Data items
————————
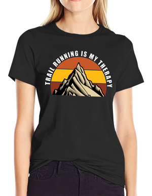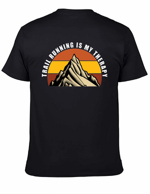 Show off your love for trail running with this stylish black t-shirt! Featuring a striking graphic design in shades of blue, the shirt displays the words "Trail Running" above a mountain and forest silhouette, evoking the spirit of outdoor adventure. The classic crew neck and short sleeves offer a comfortable and relaxed fit, making it ideal for everyday wear or your next outdoor excursion. Made from a soft, breathable fabric, this t-shirt is perfect for hitting the trails or simply showing off your passion for the sport. Get yours today and embrace the freedom of trail running!
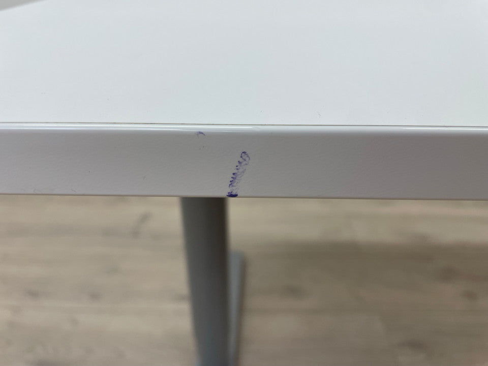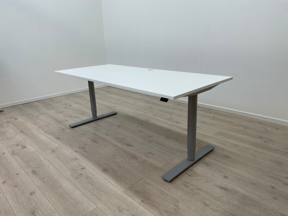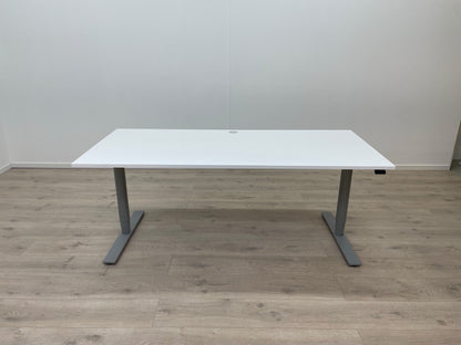 Kinnarps elektrisk hev/senk skrivebord med hvit bordplate og grått understell. Pent brukt med kun normale bruksmerker.
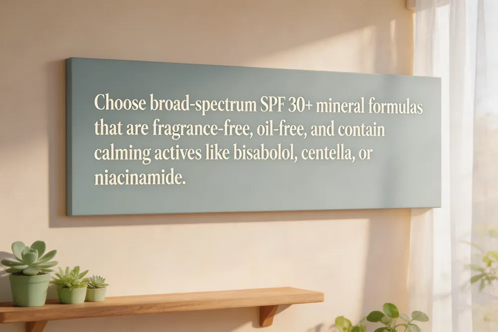 Non‑nano zinc oxide or titanium dioxide mineral sunscreens are the safest option because they sit on the skin surface, reflect UV rays, and do not penetrate the barrier. Choose fragrance‑free, hypoallergenic formulas that add soothing actives such as oat extract, honey, aloe, ceramides, or Centella asiatica to reinforce the skin barrier and reduce redness.
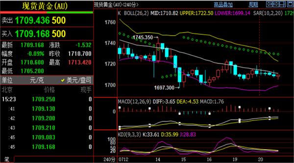 黄金日内下跌,很大几率延续走空破新低,日线上黄金实时价格再次跌破MA5均线,MA10均线阻力下移至1720一线,布林带下轨支撑下移至1672一线,若短周期不能上破1720阻力,便还有下跌的空间。4小时图形中布林带上下轨平行发展,区间暂定1719-1700,目前实时金价跌穿MA5MA10均线以及布林带中轨向下运行,随着美元指数反弹,黄金向下破位的概率逐步放大。附图指标上MACD红色柱即将衰竭,KDJ随机指标死叉,三轨向下延伸,STO指标同步下移,配合ZigZag抛物线转向指标给出顶部信号,综合来看今日行情上方关注1719-1732阻力,下方关注1700-1683支撑,操作上刘铭诚建议反弹做空为主。
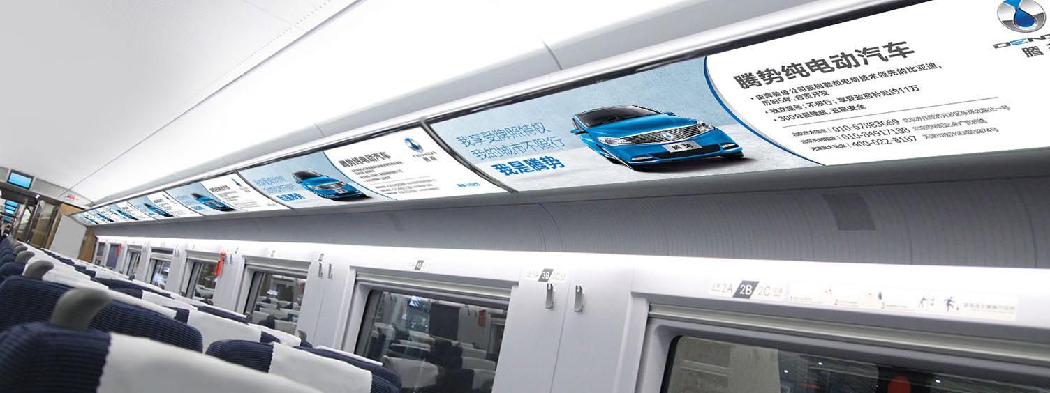 位于所有高鐵車(chē)廂內(nèi)行李架下方,對(duì)稱(chēng)發(fā)布,氣勢(shì)磅礴,視覺(jué)沖擊力強(qiáng),無(wú)論坐、立、行,都能有絕佳的視覺(jué)效果,利于品牌整體性展示。
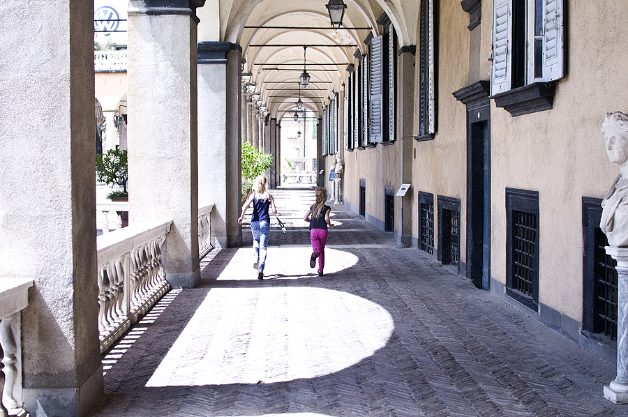 Kitą rytą po Genują vaikštinėjame su mergaitėmis vienos, be tėčio - jis pusdienį dirba iš "namų", t.y. iš viešbučio kambario. Be galo mėgstu naujoje vietoje apsižiūrėti niekur neskubant, be jokio konkretaus plano, mėgautis įspūdžiais. Vis tik vienas objektas plane yra - tai labai graži vila, kurią užmatėme vakar, ir ypatingai jos sodas, pilnas skulptūrų ir augalų. Kalbu apie Villa del Principe.
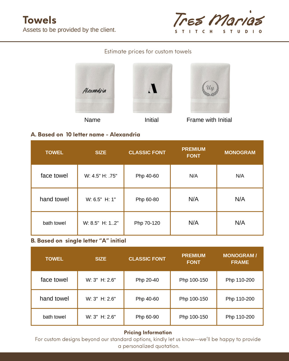 Should you wish for Tres Marias to source towels for you, a minimum order of 20 pieces applies.
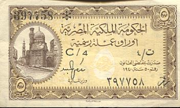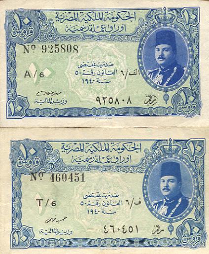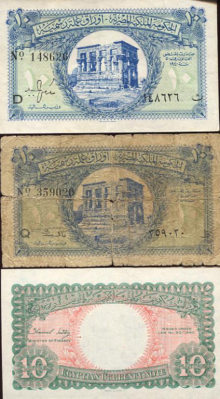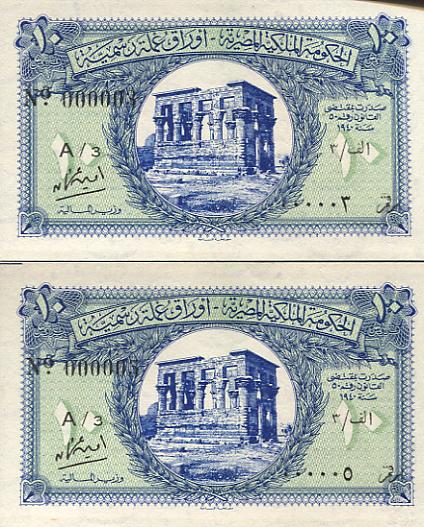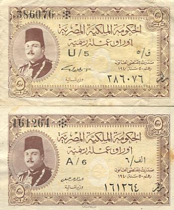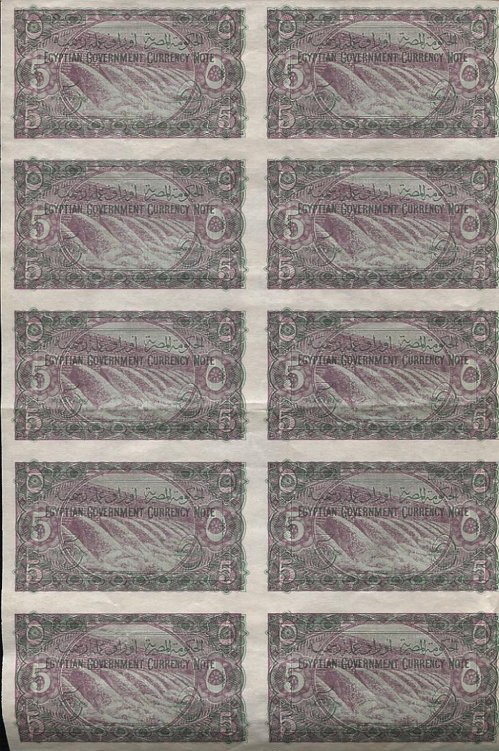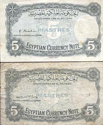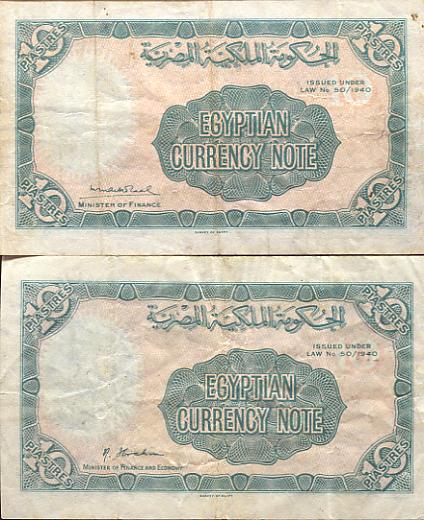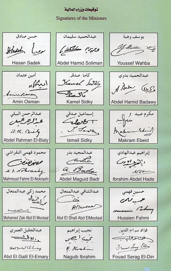 Signaturen der Finanzminister: Makram Ebeid (A05-Q05), Ismail Sidky (Q05-X05), Abdel Rahman El-Bialy (X05-B06), Ibrahim Abdel Hade (B06-D06), Abdel Maguid Badr (D06-P06), Mohamed Fahmi El-Nokrashi (P06-B07), Hussien Fahmi B07-O07), Abd El Shafi Abd El-Mootaal (O07-T07), Mohamed Zaki Abd El Mootaal (T07-F08+A09-D09) und Fouad Serag El-Din (F08-A09) - Reihe A05 bis D09 (Minister of Finace). Abd El-Shafi Abd El-Mootaal (E09-K09) Naguib Ibrahim (K09-M09) und Abd El Galil El-Emary (später Governeur) Reihe M09 bis S09+V09+W09 (Minister of Finace and Economy).
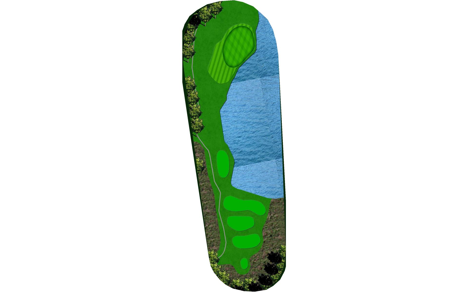 This par 3 is stubbornly guarded by a lake on the right. Bailing out left, away from the water, leaves you to face the anxiety of a difficu…
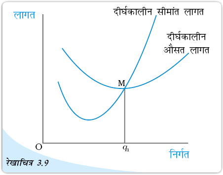 आइए, अब जाँच करते हैं किस प्रकार दीर्घकालीन सीमांत लागत वक्र दिखता है। निर्गत की प्रथम इकाई के लिए दीर्घकालीन सीमांत लागत तथा दीर्घकालीन औसत लागत समान होता है। अब जब निर्गत में वृद्धि हो जाती है, तो दीर्घकालीन औसत लागत में आरंभ में गिरावट आती है और तदुपरांत एक विशेष बिंदु के पश्चात इसमें वृद्धि होने लगती है। जब तक औसत लागत में गिरावट आती है, सीमांत लागत आवश्यक रूप से औसत लागत की तुलना में कम होनी चाहिए। जब औसत लागत में वृद्धि हो रही हो, सीमांत लागत औसत लागत की तुलना में अधिक होगी। अतः दीर्घकालीन औसत लागत वक्र एक 'U' आकार का वक्र है। यह दीर्घकालीन औसत लागत वक्र को नीचे से दीर्घकालीन औसत लागत के न्यूनतम बिंदु पर काटता है। रेखाचित्र 3.9 एक विशिष्ट फर्म के लिए दीर्घकालीन सीमांत लागत तथा दीर्घकालीन औसत वक्र का आकार दर्शाता है।
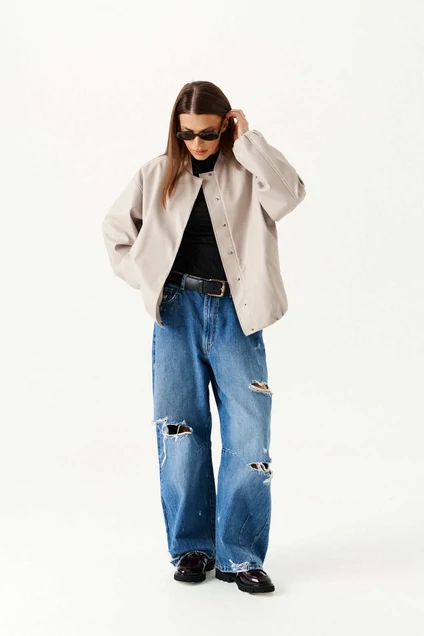 Этот бомбер из искусственной кожи представлен в элегантном бежевом цвете, отлично олицетворяющем современный городской стиль. Модель выполнена в свободном крое с спущенной линией плеча, что добавляет образу непринуждённости. Горловина округлой формы с воротником-стойкой подчёркивает изысканность модели. Основной акцент на передней части — это прорезные карманы с листочкой, придающие практичность и стиль. Комфортную посадку обеспечивает центральная застежка на потайные кнопки и подкладка. Двухшовный, втачной длинный рукав завершает изысканный вид бомбера. Эта куртка станет идеальным дополнением как для повседневных, так и для более элегантных образов.
————————
_What needs to be done_
Output every entry above exactly, minus the pictures.

_Output_
 Show off your love for trail running with this stylish black t-shirt! Featuring a striking graphic design in shades of blue, the shirt displays the words "Trail Running" above a mountain and forest silhouette, evoking the spirit of outdoor adventure. The classic crew neck and short sleeves offer a comfortable and relaxed fit, making it ideal for everyday wear or your next outdoor excursion. Made from a soft, breathable fabric, this t-shirt is perfect for hitting the trails or simply showing off your passion for the sport. Get yours today and embrace the freedom of trail running!
 Kinnarps elektrisk hev/senk skrivebord med hvit bordplate og grått understell. Pent brukt med kun normale bruksmerker.
 Non‑nano zinc oxide or titanium dioxide mineral sunscreens are the safest option because they sit on the skin surface, reflect UV rays, and do not penetrate the barrier. Choose fragrance‑free, hypoallergenic formulas that add soothing actives such as oat extract, honey, aloe, ceramides, or Centella asiatica to reinforce the skin barrier and reduce redness.
 黄金日内下跌,很大几率延续走空破新低,日线上黄金实时价格再次跌破MA5均线,MA10均线阻力下移至1720一线,布林带下轨支撑下移至1672一线,若短周期不能上破1720阻力,便还有下跌的空间。4小时图形中布林带上下轨平行发展,区间暂定1719-1700,目前实时金价跌穿MA5MA10均线以及布林带中轨向下运行,随着美元指数反弹,黄金向下破位的概率逐步放大。附图指标上MACD红色柱即将衰竭,KDJ随机指标死叉,三轨向下延伸,STO指标同步下移,配合ZigZag抛物线转向指标给出顶部信号,综合来看今日行情上方关注1719-1732阻力,下方关注1700-1683支撑,操作上刘铭诚建议反弹做空为主。
 位于所有高鐵車(chē)廂內(nèi)行李架下方,對(duì)稱(chēng)發(fā)布,氣勢(shì)磅礴,視覺(jué)沖擊力強(qiáng),無(wú)論坐、立、行,都能有絕佳的視覺(jué)效果,利于品牌整體性展示。
 Kitą rytą po Genują vaikštinėjame su mergaitėmis vienos, be tėčio - jis pusdienį dirba iš "namų", t.y. iš viešbučio kambario. Be galo mėgstu naujoje vietoje apsižiūrėti niekur neskubant, be jokio konkretaus plano, mėgautis įspūdžiais. Vis tik vienas objektas plane yra - tai labai graži vila, kurią užmatėme vakar, ir ypatingai jos sodas, pilnas skulptūrų ir augalų. Kalbu apie Villa del Principe.
 Should you wish for Tres Marias to source towels for you, a minimum order of 20 pieces applies.
 Signaturen der Finanzminister: Makram Ebeid (A05-Q05), Ismail Sidky (Q05-X05), Abdel Rahman El-Bialy (X05-B06), Ibrahim Abdel Hade (B06-D06), Abdel Maguid Badr (D06-P06), Mohamed Fahmi El-Nokrashi (P06-B07), Hussien Fahmi B07-O07), Abd El Shafi Abd El-Mootaal (O07-T07), Mohamed Zaki Abd El Mootaal (T07-F08+A09-D09) und Fouad Serag El-Din (F08-A09) - Reihe A05 bis D09 (Minister of Finace). Abd El-Shafi Abd El-Mootaal (E09-K09) Naguib Ibrahim (K09-M09) und Abd El Galil El-Emary (später Governeur) Reihe M09 bis S09+V09+W09 (Minister of Finace and Economy).
 This par 3 is stubbornly guarded by a lake on the right. Bailing out left, away from the water, leaves you to face the anxiety of a difficu…
 आइए, अब जाँच करते हैं किस प्रकार दीर्घकालीन सीमांत लागत वक्र दिखता है। निर्गत की प्रथम इकाई के लिए दीर्घकालीन सीमांत लागत तथा दीर्घकालीन औसत लागत समान होता है। अब जब निर्गत में वृद्धि हो जाती है, तो दीर्घकालीन औसत लागत में आरंभ में गिरावट आती है और तदुपरांत एक विशेष बिंदु के पश्चात इसमें वृद्धि होने लगती है। जब तक औसत लागत में गिरावट आती है, सीमांत लागत आवश्यक रूप से औसत लागत की तुलना में कम होनी चाहिए। जब औसत लागत में वृद्धि हो रही हो, सीमांत लागत औसत लागत की तुलना में अधिक होगी। अतः दीर्घकालीन औसत लागत वक्र एक 'U' आकार का वक्र है। यह दीर्घकालीन औसत लागत वक्र को नीचे से दीर्घकालीन औसत लागत के न्यूनतम बिंदु पर काटता है। रेखाचित्र 3.9 एक विशिष्ट फर्म के लिए दीर्घकालीन सीमांत लागत तथा दीर्घकालीन औसत वक्र का आकार दर्शाता है।
 Этот бомбер из искусственной кожи представлен в элегантном бежевом цвете, отлично олицетворяющем современный городской стиль. Модель выполнена в свободном крое с спущенной линией плеча, что добавляет образу непринуждённости. Горловина округлой формы с воротником-стойкой подчёркивает изысканность модели. Основной акцент на передней части — это прорезные карманы с листочкой, придающие практичность и стиль. Комфортную посадку обеспечивает центральная застежка на потайные кнопки и подкладка. Двухшовный, втачной длинный рукав завершает изысканный вид бомбера. Эта куртка станет идеальным дополнением как для повседневных, так и для более элегантных образов.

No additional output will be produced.